▶ Task to complete
Please repeat the records exactly. The pictures are to be left out.

*** Opening of Data ***

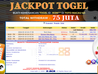 TOGEL88 JACKPOT TOGEL DI TOTO MACAU 4D Rp 75.000.000,- LUNAS MEMBER TOGEL88 MENERIMA PELUNASAN KEMENANGAN JACKPOT TOGEL DI TOTO MACAU 4D Rp 75.000.000,- LUNAS “TOGEL88 […]
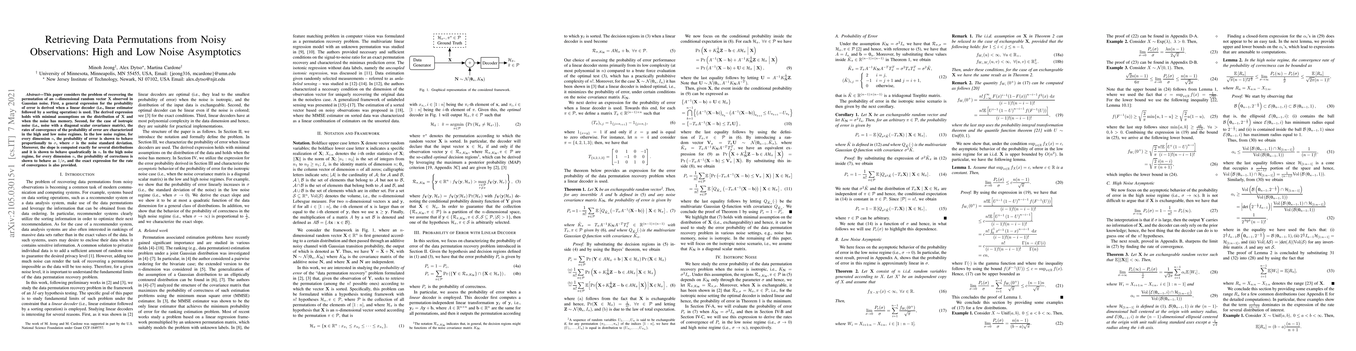 This paper considers the problem of recovering the permutation of an n-dimensional random vector X observed in Gaussian noise. First, a general expression for the probability of error is derived when a linear decoder (i.e., linear estimator followed by a sorting operation) is used. The derived expression holds with minimal assumptions on the distribution of X and when the noise has memory. Second, for the case of isotropic noise (i.e., noise with a diagonal scalar covariance matrix), the rates of convergence of the probability of error are characterized in the high and low noise regimes. In the low noise regime, for every dimension n, the probability of error is shown to behave proportionally to {\sigma}, where {\sigma} is the noise standard deviation. Moreover, the slope is computed exactly for several distributions and it is shown to behave quadratically in n. In the high noise regime, for every dimension n, the probability of correctness is shown to behave as 1/{\sigma}, and the exact expression for the rate of convergence is also provided.
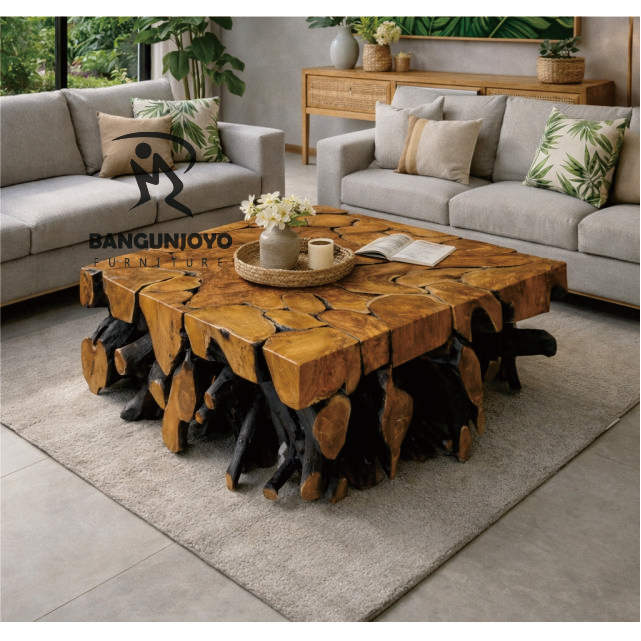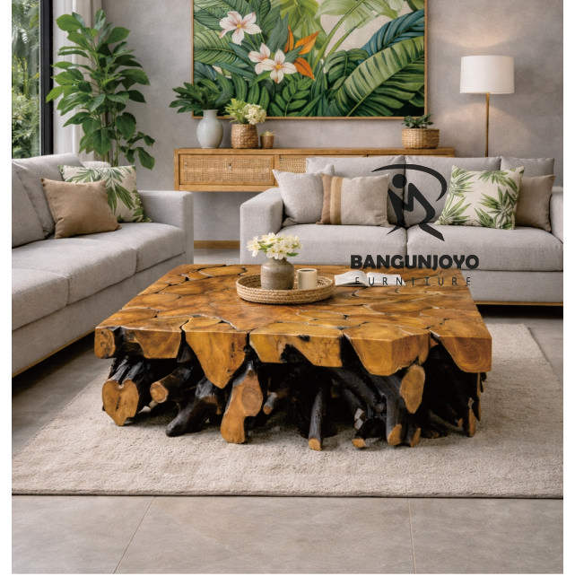โต๊ะกาแฟแบบหมุนได้ทันสมัย ผลิตจากรากไม้สัก เพื่อเสริมสร้างบรรยากาศห้องนั่งเล่น
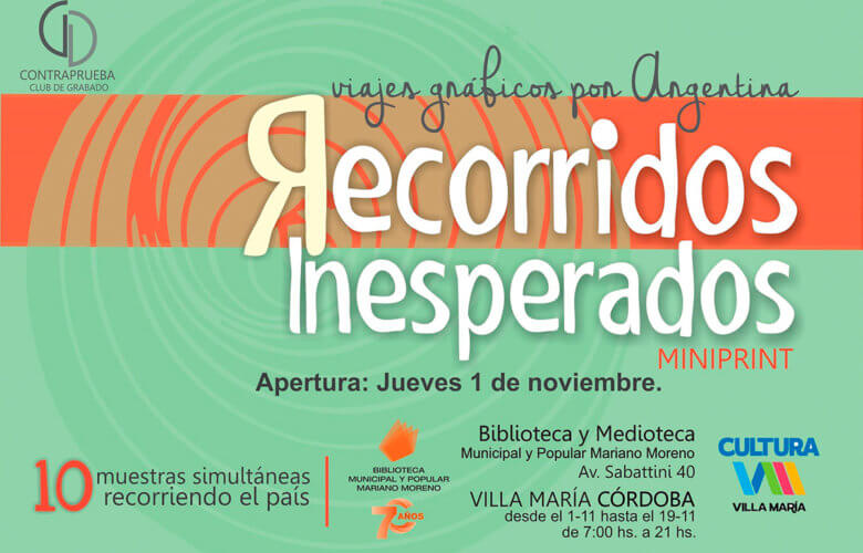 Desde el jueves pasado 1 de noviembre, hasta el lunes 19 se encuentra en exposición en la Medioteca Municipal de Villa María la muestra miniprint Recorridos Inesperados, viajes gráficos por Argentina organizado por Contraprueba Club de Grabado.
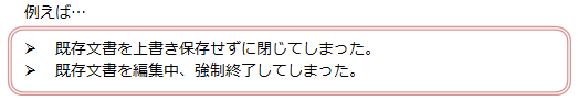 (2) 既存ファイルを復元したい場合 (強制終了した、上書き保存し忘れた)
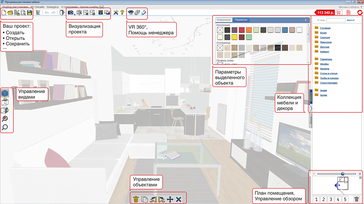 При зажатии правой кнопки мыши с одновременным перемещением указателя, происходит выделение сразу нескольких позиций мебели; например, таким образом легко сменить цвет у группы объектов со схожими параметрами;
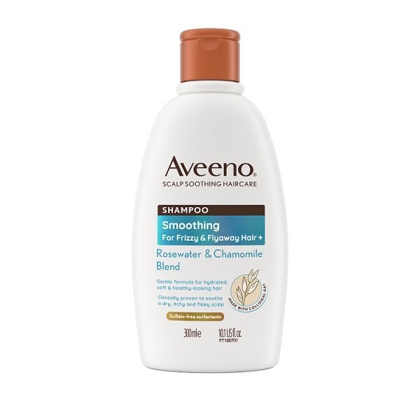 Product Information:Made with colloidal oats and botanical ingredients, Aveeno Rosewater & Chamomile Smoothing Shampoo gently cleanses and weightlessly nourishes dry hair while soothing the scalp,Features:Smoothing For Frizzy/Fly-Away Hair Sulfate-Free Surfactants Clinically Proven Suitable For Sensitive Skin Ph Balanced,Warning or Restrictions:Use only as directed. Avoid contact with eyes. If contact occurs rinse immediately. Keep away from children. For best results use in conjunction with other Aveeno hair products,Product Specification:Colloidal Oatmeal Extract, Aqua/Water/Eau, Sodium C14-16 Olefin Sulfonate, Cocamidopropyl Betaine, Glycol Distearate, Sodium Chloride, Rosa Damascena (Damask Rose/Rose De Damas) Flower Water, Chamomilla Recutita (Matricaria/Matricaire) Flower/Leaf Extract, Polyquaternium-22, Linoleamidopropyl PG-Dimonium Chloride Phosphate, PEG-7 Amodimethicone, Acrylates/C10-30 Alkyl Acrylate Crosspolymer, Polyquaternium-39, Sodium Hydrolyzed Potato Starch Dodecenylsuccinate, Laureth-4, PEG-150 Pentaerythrityl Tetrastearate, PPG-2 Hydroxyethyl Cocamide, Propylene Glycol, Glycerin, Hexylene Glycol, Sodium Citrate, Citric Acid, Sodium Hydroxide, Sodium Benzoate, Formic Acid, Potassium Sorbate, Tocopheryl Acetate, Leuconostoc/Radish Root Ferment Filtrate, Disodium Tetrapropenyl Succinate, Coconut Acid, Parfum/Fragrance, Benzyl Salicylate, Hydroxycitronellal, Alpha-Isomethyl Ionone,Product Uses:Apply shampoo generously to wet hair, massage into a lather through to ends, then rinse the hair thoroughly. After shampooing, follow with conditioner,Recyclable:Recyclable bottle & cap (check local sorting instructions). Bottle made from 50% recycled plastic
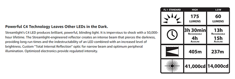• High for a super-bright beam that pierces through smoke: 41,000 candela; 175 lumens; 405m beam distance; runs 3.5 hours (NiCd); runs 4 hours (alkaline)
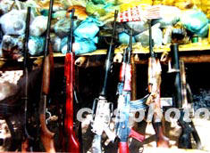 <div=left>中緬警方合作摧毀金三角一毒品加工廠,繳獲大量毒品及槍支彈藥,有班用機槍、美制卡賓槍、地雷、火箭彈等。作者:張磊
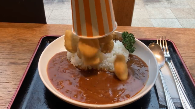 其實這份「落石咖哩」概念滿簡單的,用飲料杯裝的方式將雞塊藏在裏頭,只要把杯子拿起雞塊就會自然像落石一般掉出來,搭配咖哩食用。雖然頗為地獄梗,不過大多數網友都非常喜愛。( 目前該地的道路已經開通 )
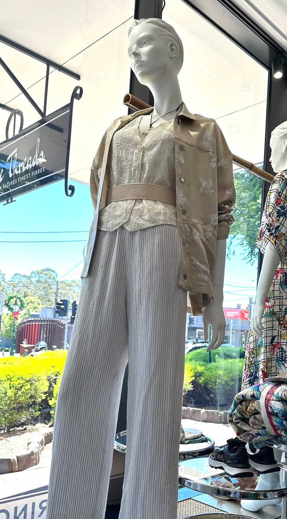Vale and Ward - Connor Pant. Ivory Stripe.
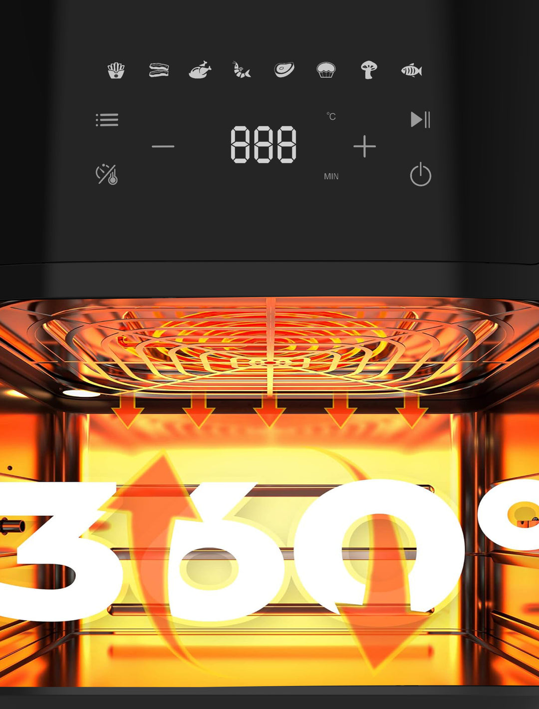 • 8 funciones de cocción: elija entre 8 funciones de cocción preprogramadas para pizza, pescado frito, pan, pollo, bistec, papas fritas, frutos secos y más. Versatilidad y comodidad con solo tocar un botón.
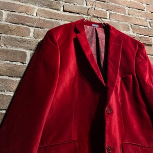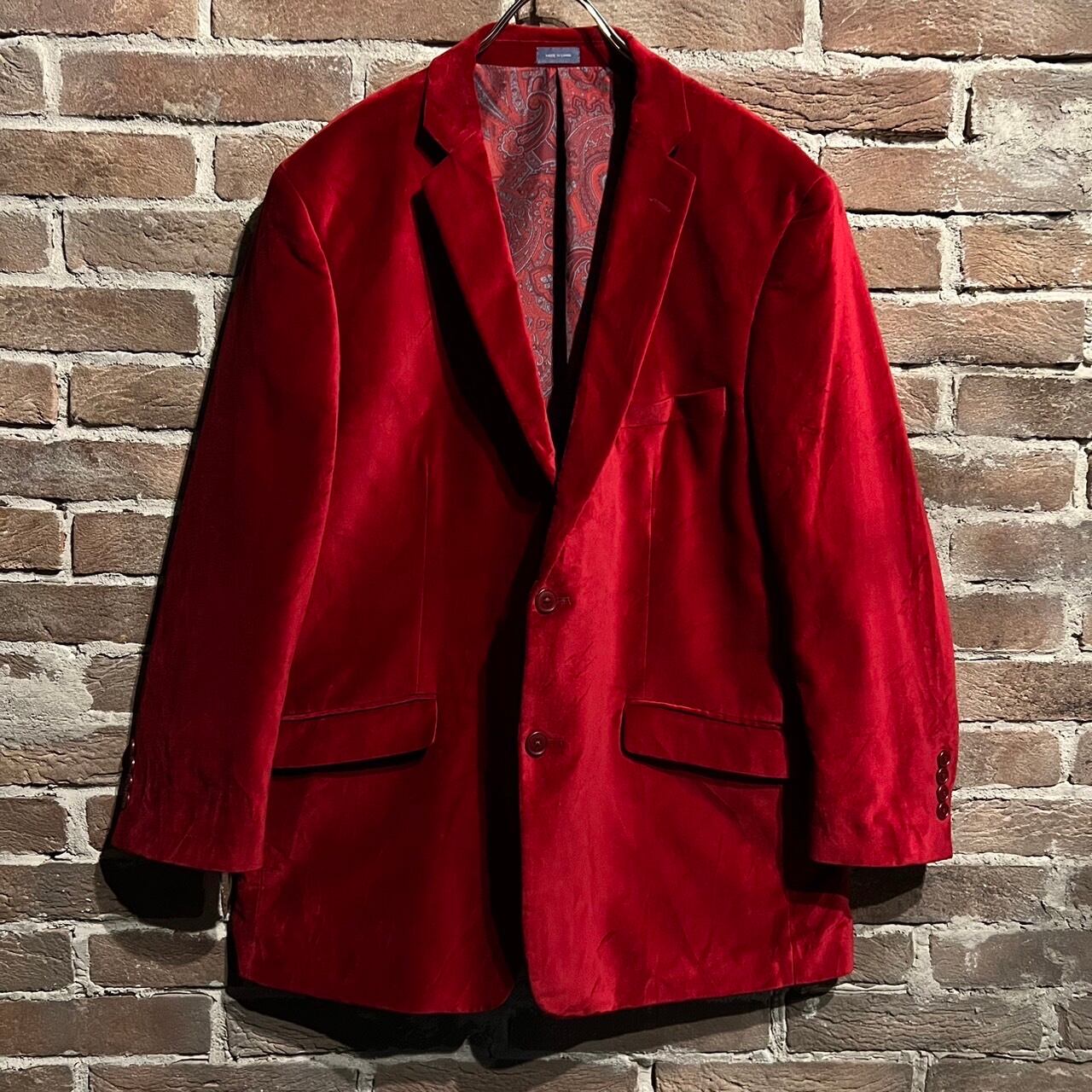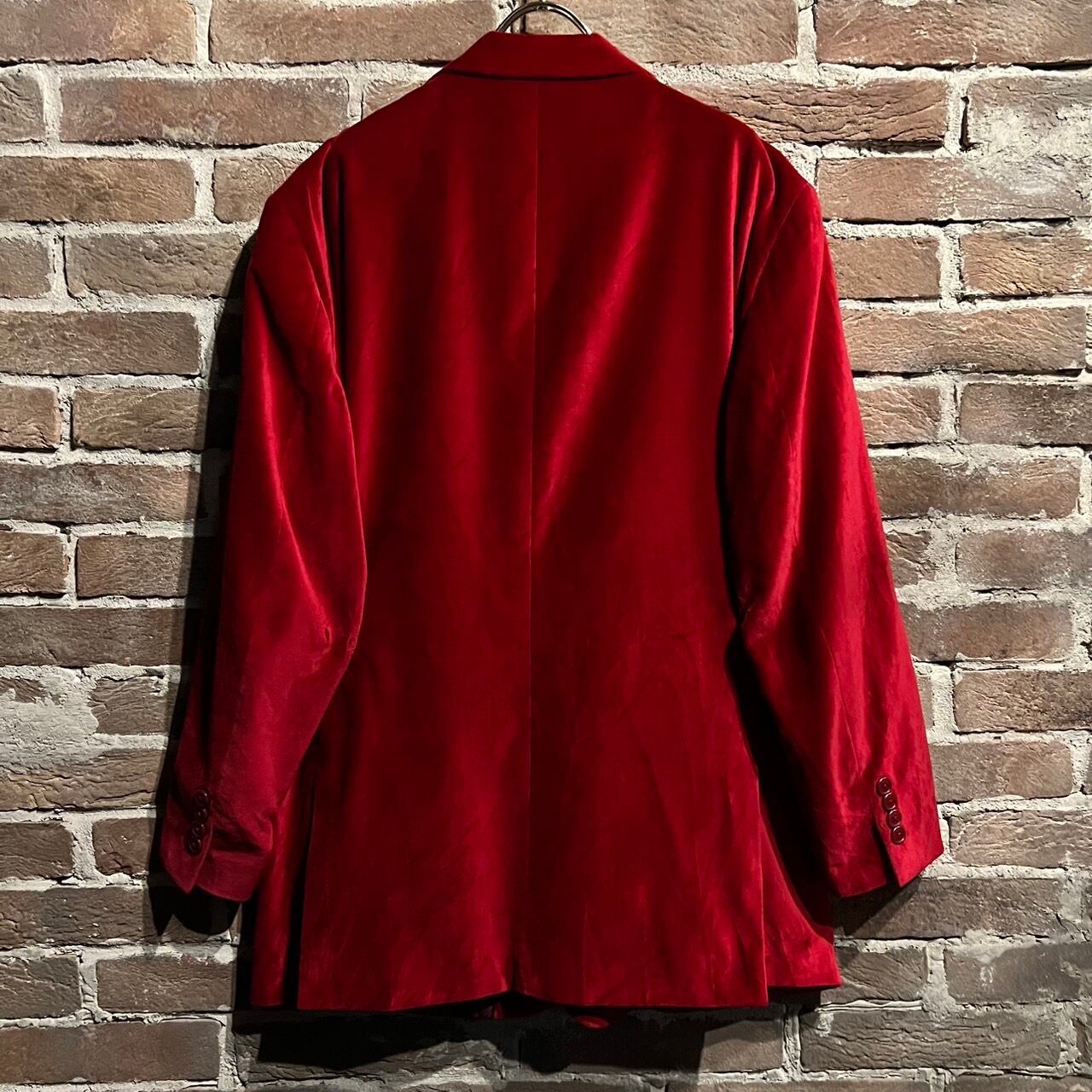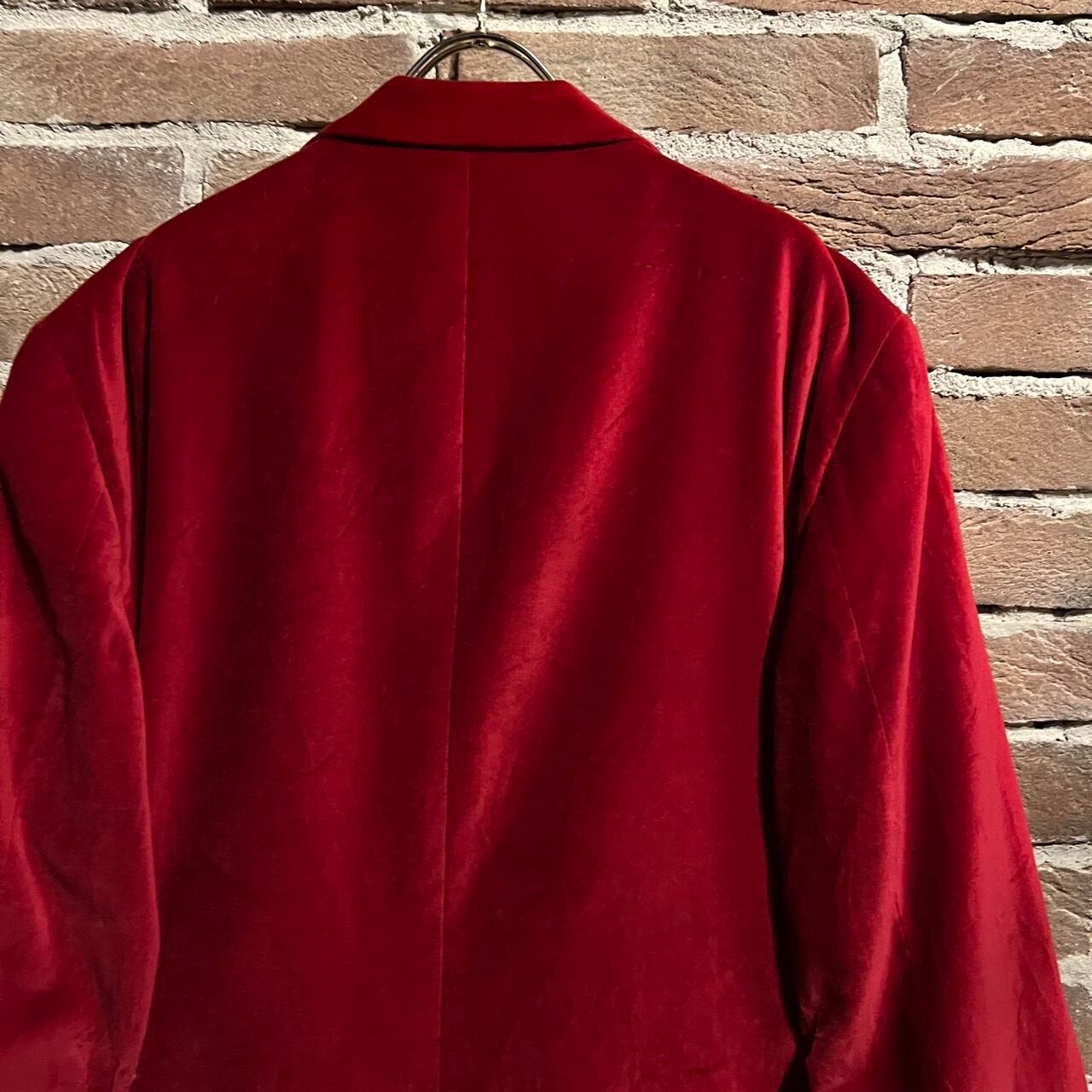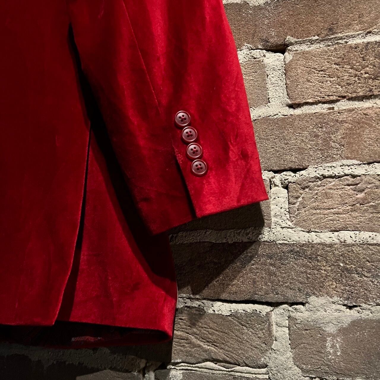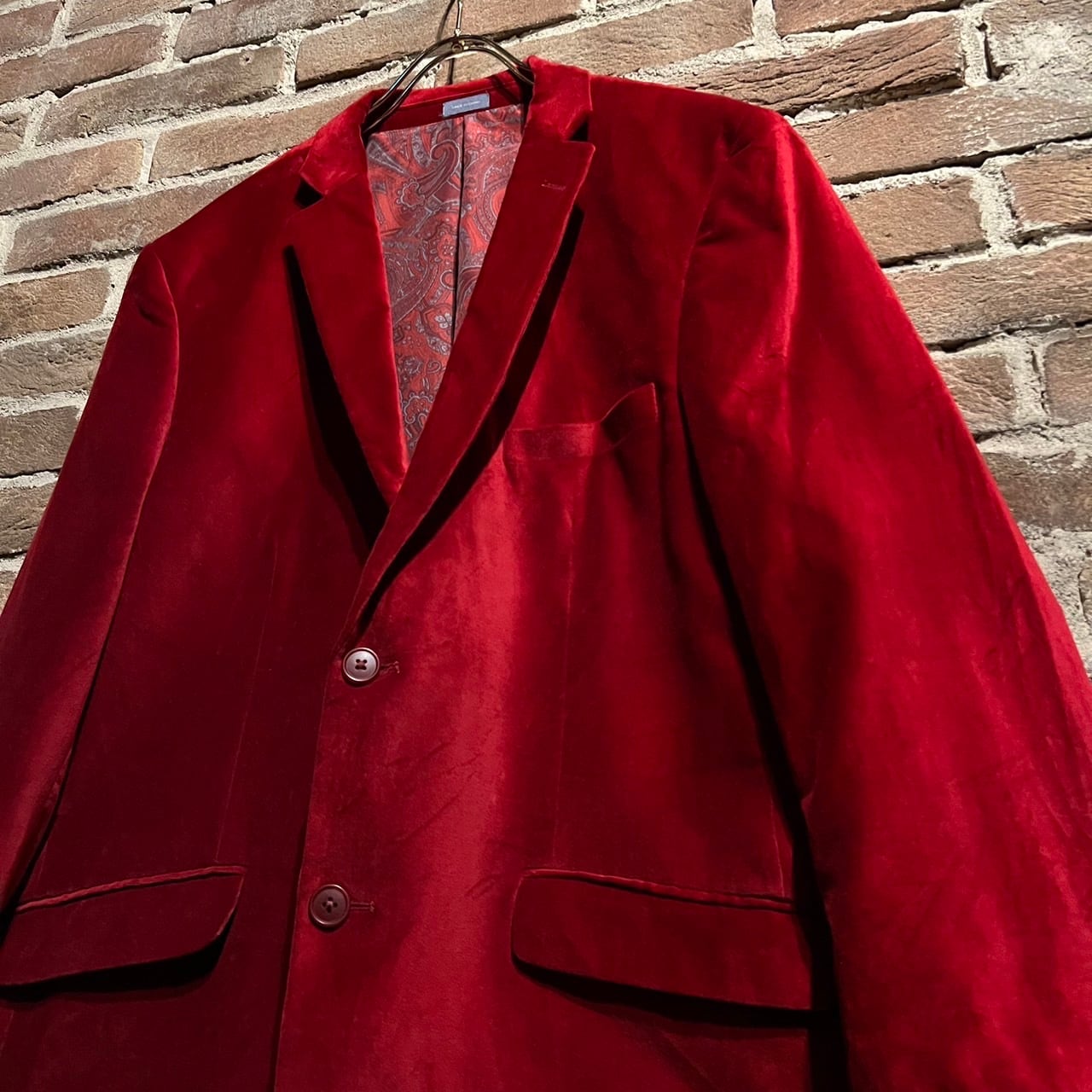 見る角度や光の当たり方によって見え方、輝き方が変わる、美しい赤色のベロア素材を用いたテーラードジャケット。裏地のペイズリー柄も雰囲気をムンムンに漂わせ、クロークに預けた時にも抜かりなしですね。

*** Close of Data ***

▶ Written answer
 TOGEL88 JACKPOT TOGEL DI TOTO MACAU 4D Rp 75.000.000,- LUNAS MEMBER TOGEL88 MENERIMA PELUNASAN KEMENANGAN JACKPOT TOGEL DI TOTO MACAU 4D Rp 75.000.000,- LUNAS “TOGEL88 […]
 This paper considers the problem of recovering the permutation of an n-dimensional random vector X observed in Gaussian noise. First, a general expression for the probability of error is derived when a linear decoder (i.e., linear estimator followed by a sorting operation) is used. The derived expression holds with minimal assumptions on the distribution of X and when the noise has memory. Second, for the case of isotropic noise (i.e., noise with a diagonal scalar covariance matrix), the rates of convergence of the probability of error are characterized in the high and low noise regimes. In the low noise regime, for every dimension n, the probability of error is shown to behave proportionally to {\sigma}, where {\sigma} is the noise standard deviation. Moreover, the slope is computed exactly for several distributions and it is shown to behave quadratically in n. In the high noise regime, for every dimension n, the probability of correctness is shown to behave as 1/{\sigma}, and the exact expression for the rate of convergence is also provided.
โต๊ะกาแฟแบบหมุนได้ทันสมัย ผลิตจากรากไม้สัก เพื่อเสริมสร้างบรรยากาศห้องนั่งเล่น
 Desde el jueves pasado 1 de noviembre, hasta el lunes 19 se encuentra en exposición en la Medioteca Municipal de Villa María la muestra miniprint Recorridos Inesperados, viajes gráficos por Argentina organizado por Contraprueba Club de Grabado.
 (2) 既存ファイルを復元したい場合 (強制終了した、上書き保存し忘れた)
 При зажатии правой кнопки мыши с одновременным перемещением указателя, происходит выделение сразу нескольких позиций мебели; например, таким образом легко сменить цвет у группы объектов со схожими параметрами;
 Product Information:Made with colloidal oats and botanical ingredients, Aveeno Rosewater & Chamomile Smoothing Shampoo gently cleanses and weightlessly nourishes dry hair while soothing the scalp,Features:Smoothing For Frizzy/Fly-Away Hair Sulfate-Free Surfactants Clinically Proven Suitable For Sensitive Skin Ph Balanced,Warning or Restrictions:Use only as directed. Avoid contact with eyes. If contact occurs rinse immediately. Keep away from children. For best results use in conjunction with other Aveeno hair products,Product Specification:Colloidal Oatmeal Extract, Aqua/Water/Eau, Sodium C14-16 Olefin Sulfonate, Cocamidopropyl Betaine, Glycol Distearate, Sodium Chloride, Rosa Damascena (Damask Rose/Rose De Damas) Flower Water, Chamomilla Recutita (Matricaria/Matricaire) Flower/Leaf Extract, Polyquaternium-22, Linoleamidopropyl PG-Dimonium Chloride Phosphate, PEG-7 Amodimethicone, Acrylates/C10-30 Alkyl Acrylate Crosspolymer, Polyquaternium-39, Sodium Hydrolyzed Potato Starch Dodecenylsuccinate, Laureth-4, PEG-150 Pentaerythrityl Tetrastearate, PPG-2 Hydroxyethyl Cocamide, Propylene Glycol, Glycerin, Hexylene Glycol, Sodium Citrate, Citric Acid, Sodium Hydroxide, Sodium Benzoate, Formic Acid, Potassium Sorbate, Tocopheryl Acetate, Leuconostoc/Radish Root Ferment Filtrate, Disodium Tetrapropenyl Succinate, Coconut Acid, Parfum/Fragrance, Benzyl Salicylate, Hydroxycitronellal, Alpha-Isomethyl Ionone,Product Uses:Apply shampoo generously to wet hair, massage into a lather through to ends, then rinse the hair thoroughly. After shampooing, follow with conditioner,Recyclable:Recyclable bottle & cap (check local sorting instructions). Bottle made from 50% recycled plastic
• High for a super-bright beam that pierces through smoke: 41,000 candela; 175 lumens; 405m beam distance; runs 3.5 hours (NiCd); runs 4 hours (alkaline)
 <div=left>中緬警方合作摧毀金三角一毒品加工廠,繳獲大量毒品及槍支彈藥,有班用機槍、美制卡賓槍、地雷、火箭彈等。作者:張磊
 其實這份「落石咖哩」概念滿簡單的,用飲料杯裝的方式將雞塊藏在裏頭,只要把杯子拿起雞塊就會自然像落石一般掉出來,搭配咖哩食用。雖然頗為地獄梗,不過大多數網友都非常喜愛。( 目前該地的道路已經開通 )
Vale and Ward - Connor Pant. Ivory Stripe.
 • 8 funciones de cocción: elija entre 8 funciones de cocción preprogramadas para pizza, pescado frito, pan, pollo, bistec, papas fritas, frutos secos y más. Versatilidad y comodidad con solo tocar un botón.
 見る角度や光の当たり方によって見え方、輝き方が変わる、美しい赤色のベロア素材を用いたテーラードジャケット。裏地のペイズリー柄も雰囲気をムンムンに漂わせ、クロークに預けた時にも抜かりなしですね。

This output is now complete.